Final Write Up Proposal and Checkpoint
Team member: Zebing Lin (zebingl)
I implemented a mini Spark-like framework named MiniSpark that can run on top of a HDFS cluster. MiniSpark supports operators including Map, FlatMap, MapPair, Reduce, ReduceByKey, Collect, Count, Parallelize, Join and Filter. The Github repo is https://github.com/linzebing/MiniSpark.
Rdd fault tolerance and worker fault tolerance are supported.
Google's MapReduce has been very successful in implementing large-scale data-intensive applications, however it's deficient in iterative jobs/analytics, due to the fact that MapReduce has to write intermeidate results to HDFS, incurring sigificant performance penalty. By introducing the concepts of resilient distributed dataset (RDD), Spark reuses working sets of data across multiple parallel operations, therefore enhancing the overall performance.
Data locality of Spark lies in HDFS data locality and locality preserving in applying transformaitons on RDDs (more on this later).

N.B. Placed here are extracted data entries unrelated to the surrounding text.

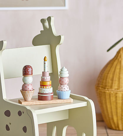 jouets de nourriture Bloomingville colorés aux tons rose et marron, accompagnés de différents gâteaux et glaces. Ce Ensemble comprend des détails amusants qui encouragent l'imagination et la construction créative.
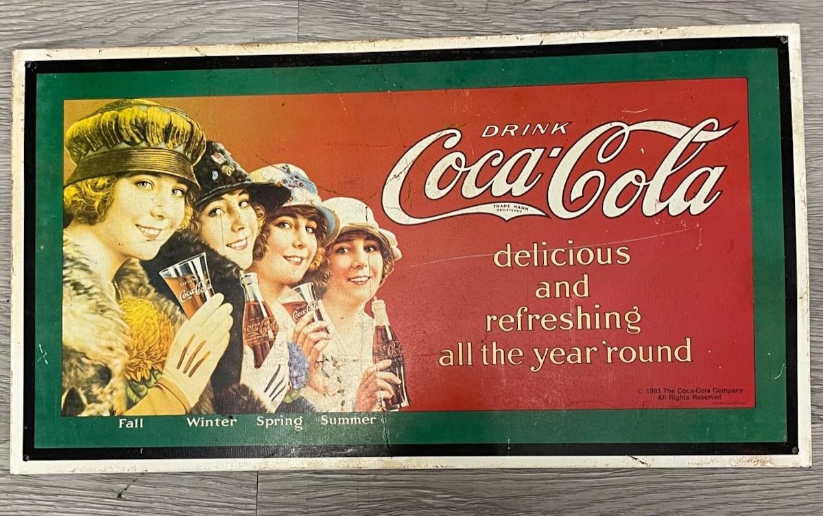 Description: Coca-Cola Advertising Sign. Measures approximately: 17 .5 X 9.5 Inches. Material : Metal.
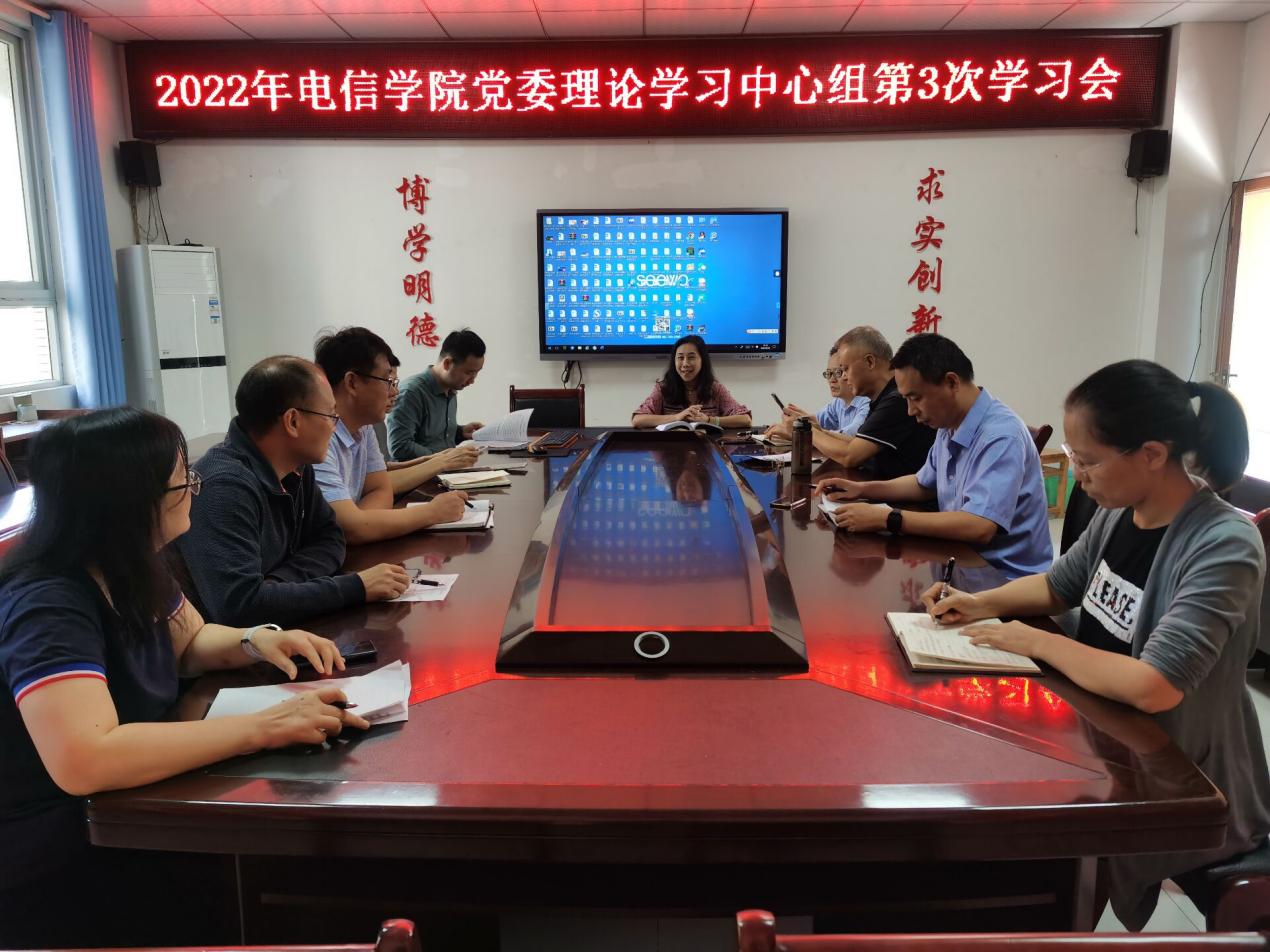 9月29日下午3点,电信学院党委在格物楼1417召开了理论中心组第3次学习会。会议由党委书记张敏主持,全体班子成员、党委委员参加会议。
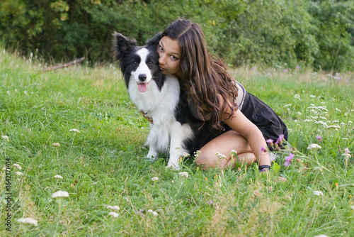© Evgeniia, Obraz premium Young woman embracing Border Collie dog in meadow, leaning in with affection. Ideal for pet love themes, canine companionship visuals, and natural lifestyle portrait photography
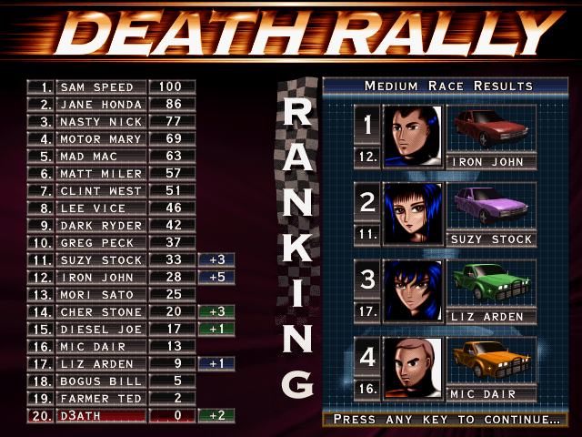 Death Rally thrives on a simple yet deeply strategic racing loop that combines speed, weaponry, and opportunistic tactics. You start with a humble $495 and a beat-up car, but even in this early stage you’re encouraged to think beyond flooring the accelerator. Each race invites you to balance aggressive driving with well-timed pickups—whether it’s mines, rocket fuel, or repair kits—to stay ahead of the pack. Learning to deploy these items at the right moment becomes as crucial as mastering the track layouts themselves.
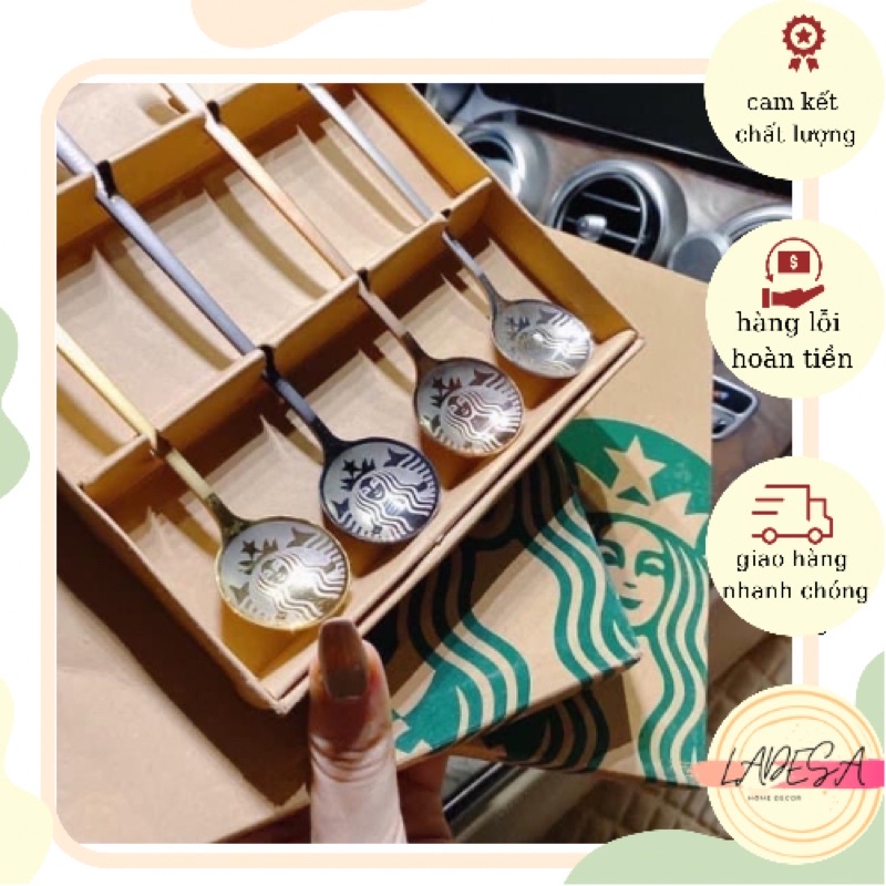 Set 4 thìa muỗng starbucks kèm hộp sang chảnh
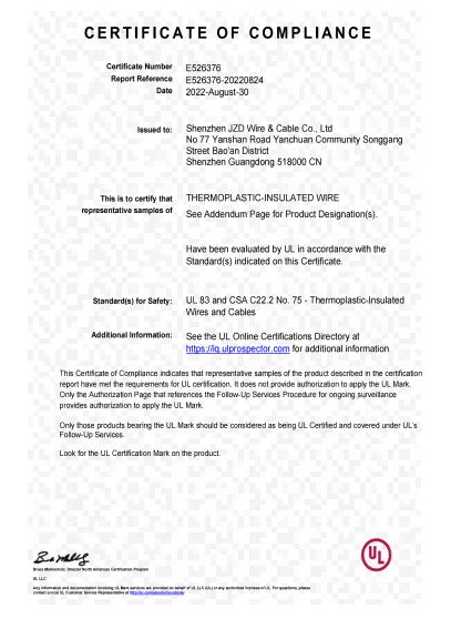 建圳達(dá)THHN美標(biāo)UL尼龍電纜證書
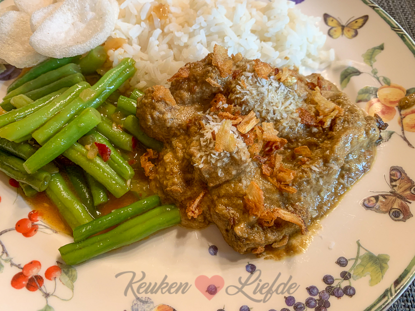 Gisteren tijdens het boodschappen doen zag ik riblappen in de aanbieding liggen en die kon ik niet weerstaan. Terwijl Johan met Ella-Marie ’s ochtends naar de voetbal is, duik ik de keuken in. Omdat ik de laatste keer Belgisch stoofvlees maakte, kies ik dit keer voor rendang met zelfgemaakte boemboe. Inmiddels heb ik al meerdere recepten voor rendang gemaakt om uit te proberen, maar tot nu toe was er altijd wel een punt van verbetering. Dit keer laat ik alle recepten los en maak mijn eigen variant. Ik maak hem in de slowcooker maar je kunt hem ook in de braadpan maken. Dan moet je alleen wat meer vocht toevoegen omdat er dan meer vocht verdampt. Ik bak eerst het vlees aan in de koekenpan en doe het vlees dan in de voorverwarmde slowcooker (stand high op 5 uur). Dan bak ik mijn zelfgemaakte boemboe even aan en voeg de kokosmelk toe. Even verwarmen en dan bij het vlees in de slowcooker samen met wat extra smaakmakers. Deksel op de pan en die slome zijn werk laten doen! ? Omdat stoofvlees de volgende dag altijd nog lekkerder is, eten we vanavond iets anders.
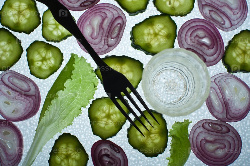 Огурцы, лук и листья салата на белом фоне
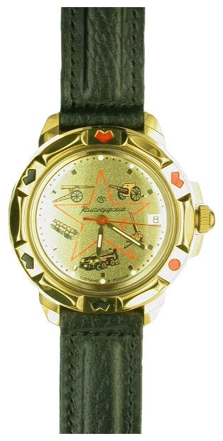 Лучшие цены. Мужские механические наручные часы Восток Командирские с круглым корпусом и кожаным ремешком. Точность хода обеспечивает механизм Восток 2414А калибра 24 мм с центральной секундной стрелкой. В механизме 17 камней. Противоударное устройство узла баланса. Запас хода не менее 36 часов. На циферблате присутствует апертура текущего числа. Поворачивающийся безель. Завинчивающаяся заводная головка с защитой. Корпус выполнен из часовой латуни с покрытием нитридом титана. Задняя крышка часов из нержавеющей стали. Магазины в вашем городе.
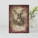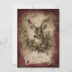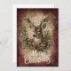 Share holiday cheer with this richly detailed card featuring a realistic deer framed by a festive wreath of holly, berries, and pinecones. The textured red and brown background with faint cursive script adds vintage warmth and woodland elegance.
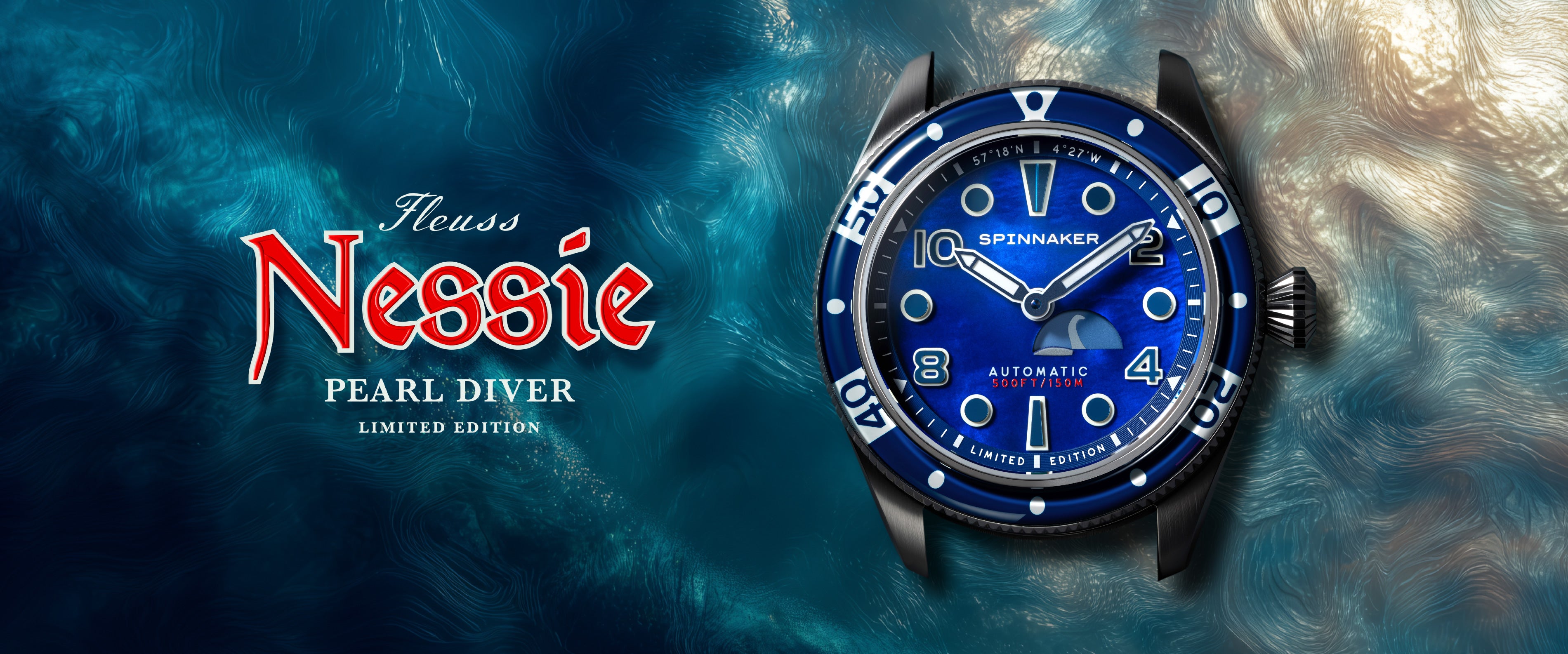 Spinnaker Watches proudly announces the release of the Fleuss Automatic Nessie Pearl Diver Limited Edition, a collaboration with Scottish Watches. Limited to 650 individually numbered pieces.

The parallelism of Spark comes from multi-machine parallelism and multi-core parallelism. To be more specific, see the graph below
Spark Overview
Essentially, Spark's master node will manage a bunch of worker nodes, and inside each node, there are several executors (usually equal to the number of cores). The driver program on the master will distribute computations to the executors on these workers, therefore leveraging both levels of parallelism.
Data is abstracted into RDDs. More specifically, it's splited in some way into partitions in the workers' memory. Each executor's execution will be on the granularity of a partition. There are two dependency types between RDDs. Wide dependency means the partition relies on multiple partitions of its parent RDD, while Narrow dependency means the partition relies on a single partiton of its parent RDD.
Spark Execution
System Architecture of MiniSpark. Scheduler/Master is on the name node of the HDFS cluster. Each worker node is also a data node in the HDFS cluster.
class Partition {
public int partitionId; // Unique identifier of a partition
public String hostName; // Worker Machine DNS of the partition
}
public class Rdd {
public DependencyType dependencyType; // Wide or Narrow
public OperationType operationType; // Map, Reduce, FlatMap...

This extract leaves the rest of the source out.